Essentially the most highly effective actions are intergenerational. Older organisers carry expertise, historic reminiscence and institutional information. Youthful generations carry new vitality, new instruments and new methods of speaking. One era can ignite a motion, however lasting change requires many generations transferring collectively.
It’s also incorrect to name us leaderless. We’re not leaderless; we’re leaderful. We simply refuse to undertake a number of the hierarchical methods of organising of earlier generations, as a result of typically main collectively works a lot better than having somebody dictate every little thing.
What retains you going?
Individuals, significantly younger folks, hold going as a result of the issues are instant and unimaginable to disregard. Protesting means refusing to just accept the longer term we’re being handed and making our voices matter.
Hope shouldn’t be a passive feeling. It’s present in motion, not in ready. I see hope within the motion, as a result of when younger folks, elders, college students and communities stand collectively, there’s a shared energy, and the opportunity of a world that values dignity, justice and sustainability turns into actual. We hold transferring as a result of we aren’t alone.

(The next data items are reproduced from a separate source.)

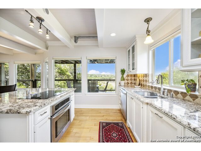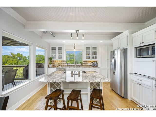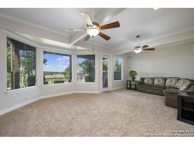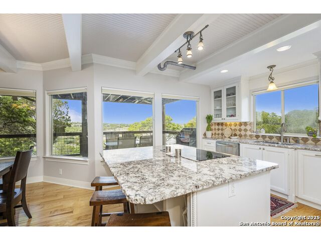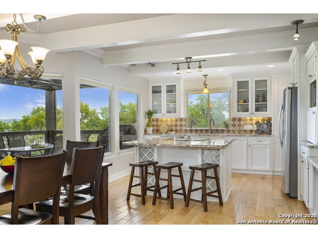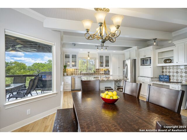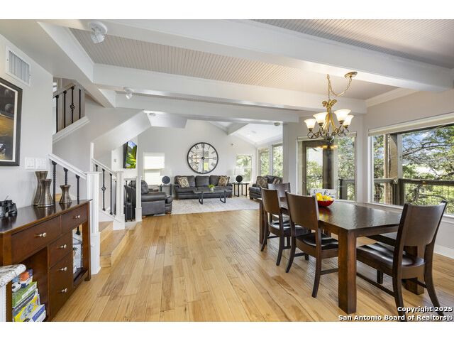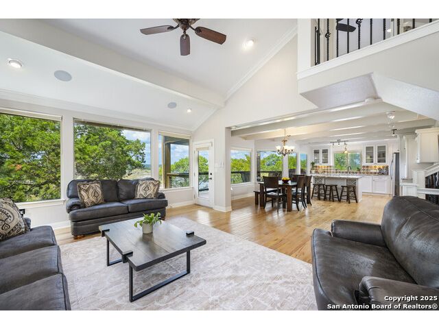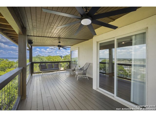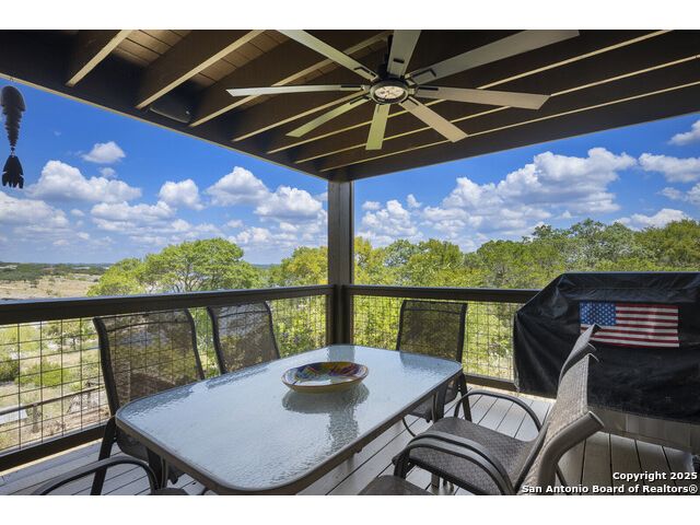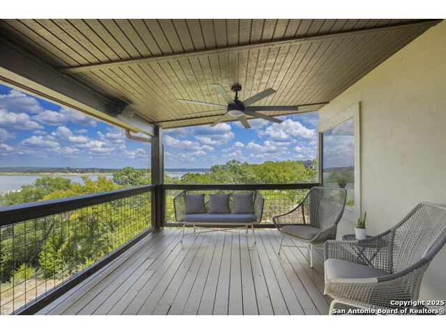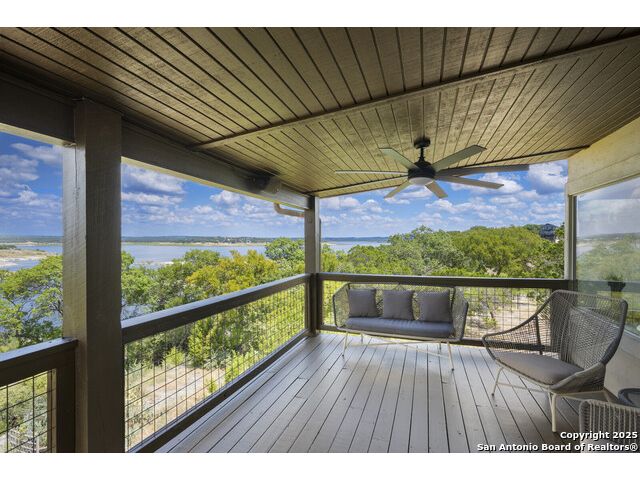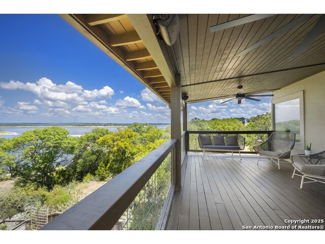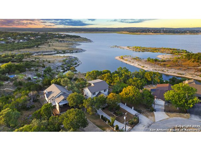 Look at those Canyon Lake views! This Texas style home is ready for entertaining, move-in ready and FULLY FURNISHED. With 6 bedrooms, 4 baths, media/gameroom and living room are ready for guests and family to enjoy! Main floor features 3 bedrooms and large media/gameroom. 2 Primary masters compliments this living space. Second floor is cozy with open dining concept, laundry room and more amazing views of Canyon Lake and one of its great coves. Kitchen is well stocked with all you need to entertain family and friends. Enjoy 2nd level balcony for brunch, lunch or dinner! Backyard down the hill has a great firepit and seating for those cozy Fall TX eventings to enjoy! Topography allows for a gentle stroll to the water. Come get your piece of the Texas Hill Country! Great second home, too!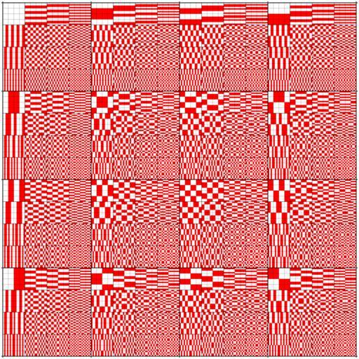 Keywords: Nimber multiplication 8 bit; dual; 5.svg Element 5 of the dual matrix of the https //oeis org/A051775/a051775 txt multiplication table of nimbers 0 255 A051775 0 255; 0 255 It is the product of wp A223537 0 8; 5 and the binary Walsh matrix of order 256 own mate2code Nimber multiplication 8 bit; dual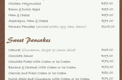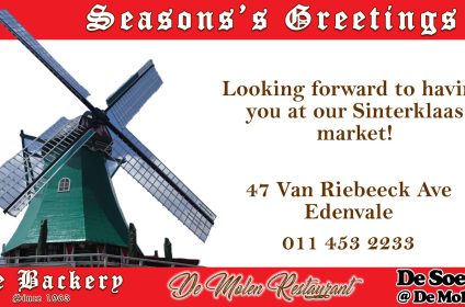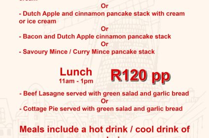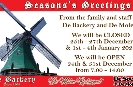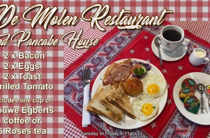 The windmill was built in 1996 and is a ¾ size replica of the Zeldenrust Molen which stands in Groningen in Holland. The copy windmill was named De Willem as this is a name that is carried by four generations of the Verhoogt male family. Originally the Verhoogt family wanted to put up a neon sign with a windmill design to make our bakery more visible, once we received the quotes it was decided to rather look at putting up a real windmill and to use it for offices, this concept grew to be a pancake house and coffee shop as we realised that a lot of our customers come from far and would appreciate somewhere to eat and drink before returning home.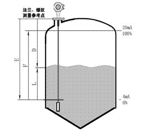 通过输入空罐高度 E(=零点),满罐高度 F(=满量程)及一些应用参数来设定,应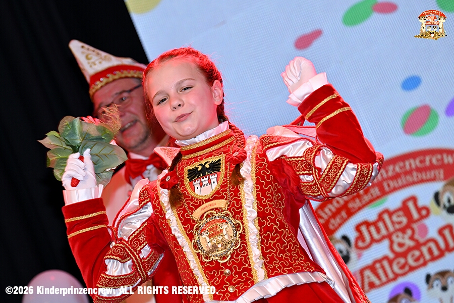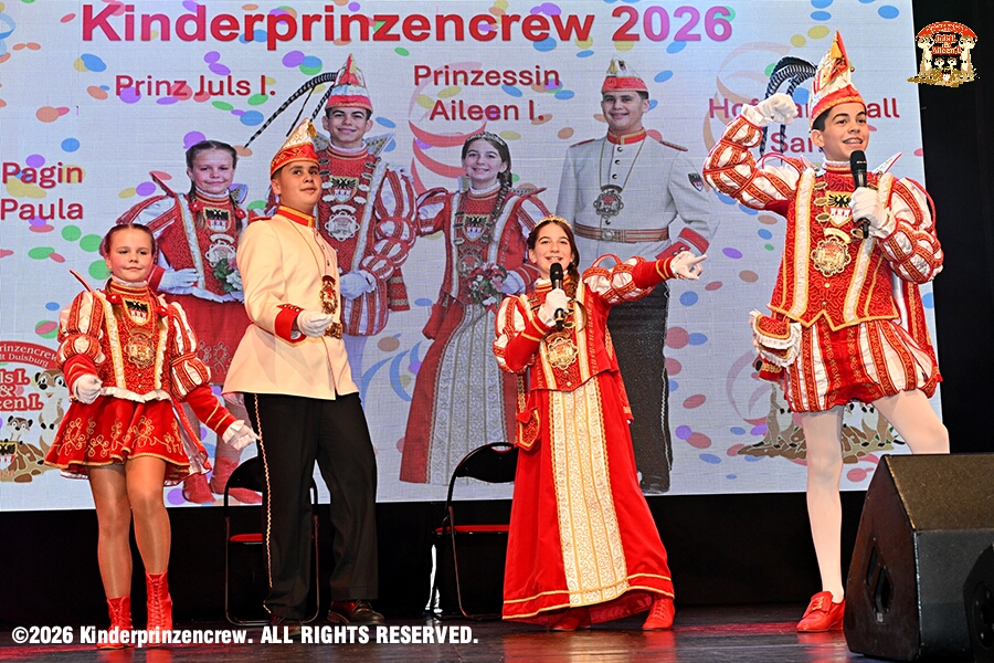 121 Unsere Kürung - Premiere - Im so genannten „Gürzenich“ von Duisburg, dem Steinhof in Huckingen fand am Sonntag, 4. Januar 2026, zum ersten Mal die Kürung einer Kinderprinzencrew statt. Wir sind nun als Prinz Juls I., Prinzessin Aileen I. mit Hofmarschall Sami und Pagin Paula der Stadt Duisburg 2026 inthronisiert.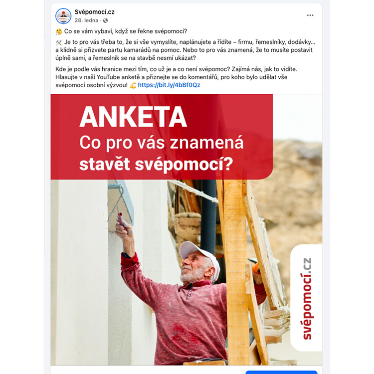 PředchozíZimní soutěž | copy pro sociální média Svépomocí.czSoutěž na Facebooku | copy pro sociální média Svépomocí.czAnketa | copy pro sociální média Svépomocí.czStřecha zdarma | copy pro sociální média Svépomocí.czFilmED | copy a grafika pro sociální médiaDalší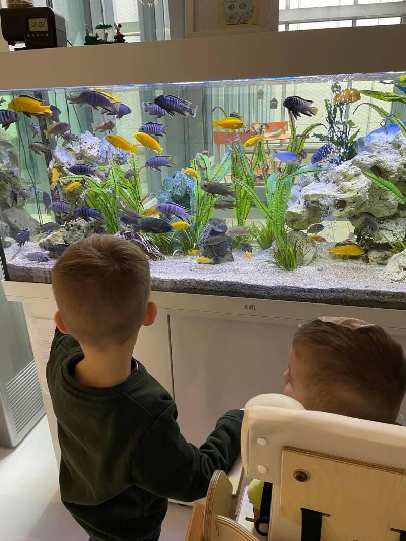 Dag één verliep tegen alle verwachtingen in prima. Hij deed het zonder ook maar 1x te zeuren... Hij moest ongetwijfeld ook nog wat bekomen van de heftige emoties van de dag voordien. Op dag 2 werd de opdracht al zwaarder. Hij vond het bedarrest vreselijk. Kine Veerle die we best goed kennen merkte dat dit absoluut niet goed is voor zijn welbevinden. Zij gingen zorgen voor een oplossing. Die oplossing bleek een aangepaste triptrap stoel met wieltjes en een verhoogde hoofdsteun. De dokters kwamen even kijken, maar het systeem bleef prima afwateren en dus kreeg Mace toestemming voor een gecombineerde bed/stoel-arrest. Wat een verademing!!! Nu konden we tenminste eens spelen aan tafel, wat afwisselen met altijd te liggen én naar zijn favoriete plek in het ziekenhuis: de visjes!!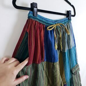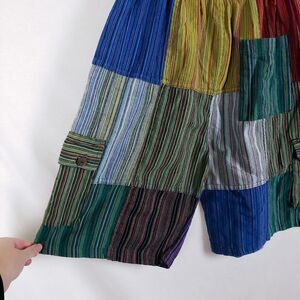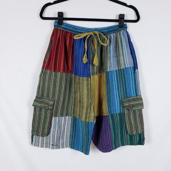 Jayli Hippie Short Mens L Festival Patchwork Striped Cargo Handmade Nepal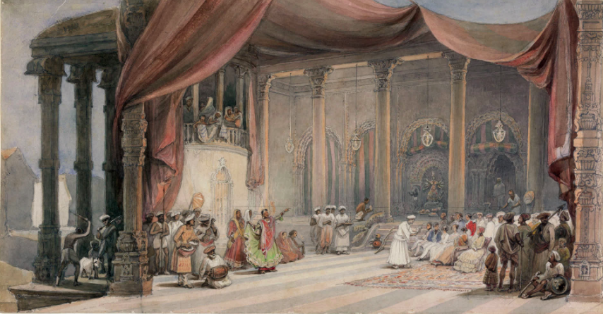 William Prinsep's painting showing Europeans being entertained by dancers and musicians in a splendid Indian house in Calcutta during Durga Puja. This is assumed to depict a scene between 1830 and 1840. Photo: Public domain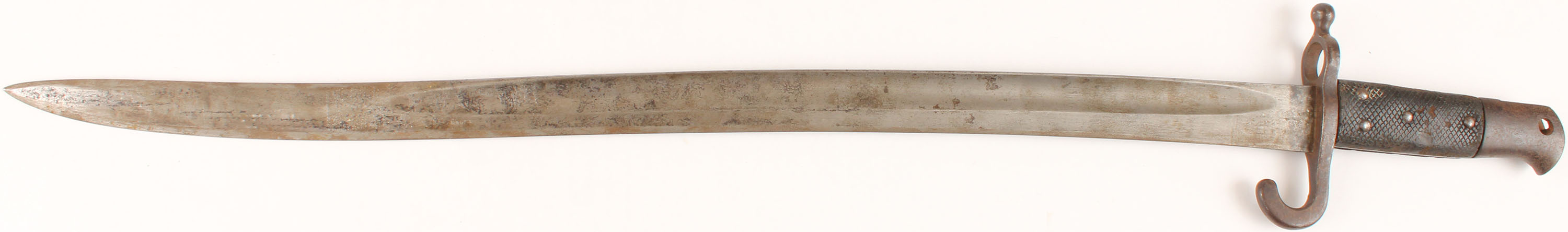 Austrian, M1867 Sword bayonet, RARE original full length blade, Left side of blade is marked ''STRIBERNY.ST.'', right side of blade is marked, ''GF'', & stamped with a Austrian eagle, right side of guard is marked ''68.Z'', ''121'', blade has patina, missing detachment button. Grade: Very Good - Value: 150 to 300
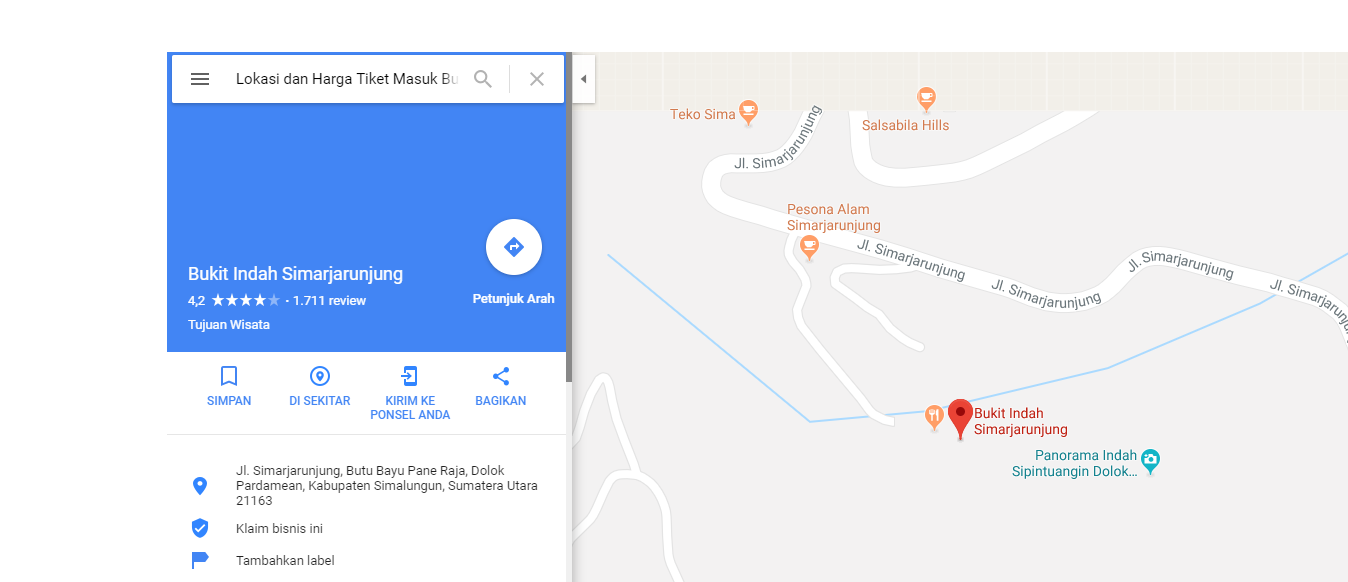 Bukit Indah Simarjarunjung Lokasi Biasanya para wisatawan yang sedang melakukan perjalanan ke danau toba melalui. Bukit indah simarjarunjung mendadak ramai diperbincangkan belakangan ini. Oh iya, yang agak susah ditemukan dalam perjalanan kami dari bukit simarjarunjung ke merek adalah tempat makan yang layak dan juga halal. Jika anda berminat untuk mengunjungi tempat ini di hari liburan nanti, anda bisa langsung menuju ke lokasi yang berada di daerah kabupaten simalungun.
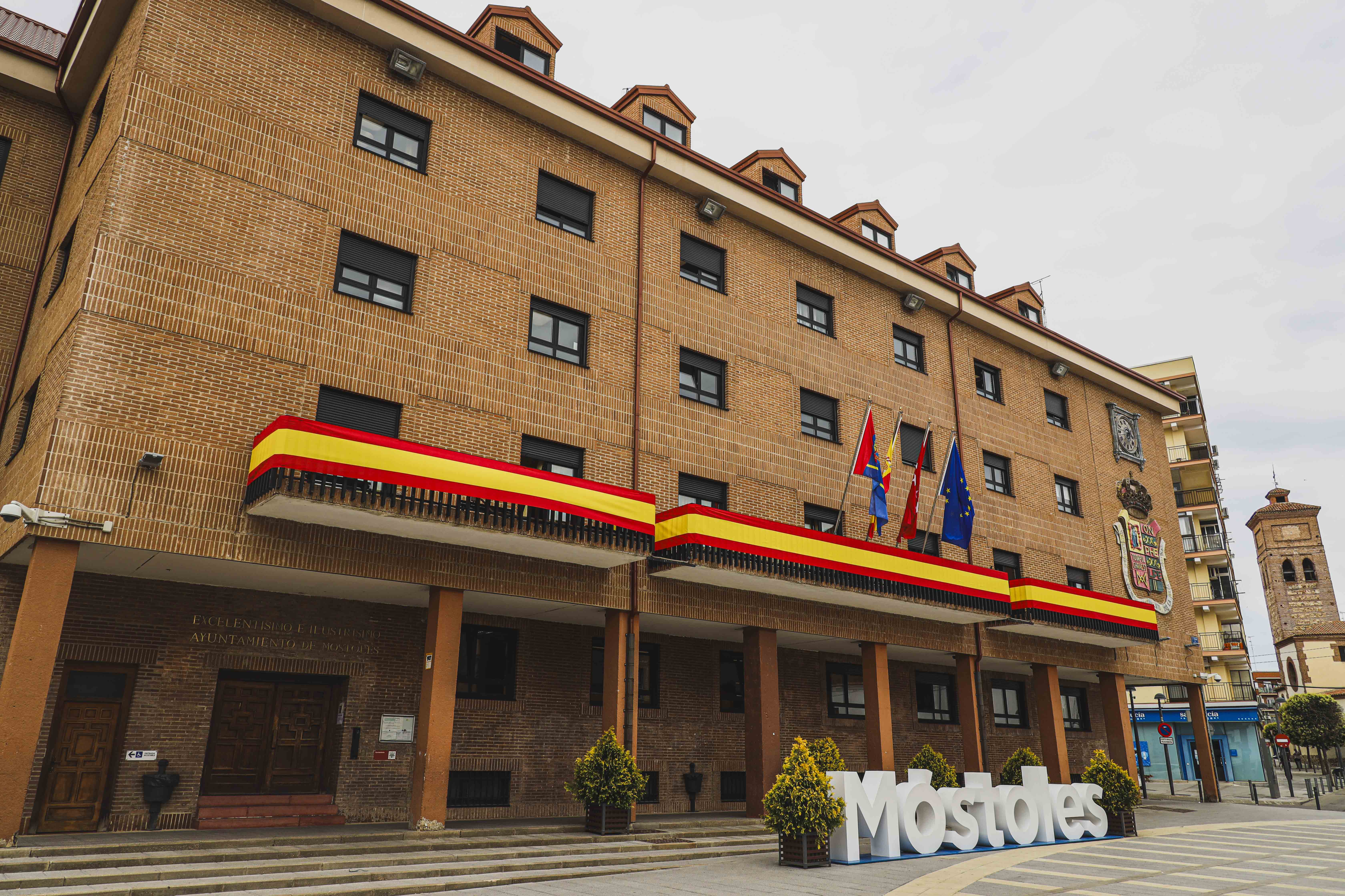 - El balcón de la Casa Consistorial se ha engalanado con la bandera de España mostrando el apoyo institucional que desde el Ayuntamiento de Móstoles se hace a la monarquía parlamentaria, de la que el máximo exponente es el rey.

I additionally discover hope in historical past, as a result of it exhibits that whereas change is messy, folks have all the time managed to push the boundaries of what’s attainable.
CIVICUS interviews a variety of civil society activists, consultants and leaders to assemble various views on civil society motion and present points for publication on its CIVICUS Lens platform. The views expressed in interviews are the interviewees’ and don’t essentially mirror these of CIVICUS. Publication doesn’t indicate endorsement of interviewees or the organisations they characterize.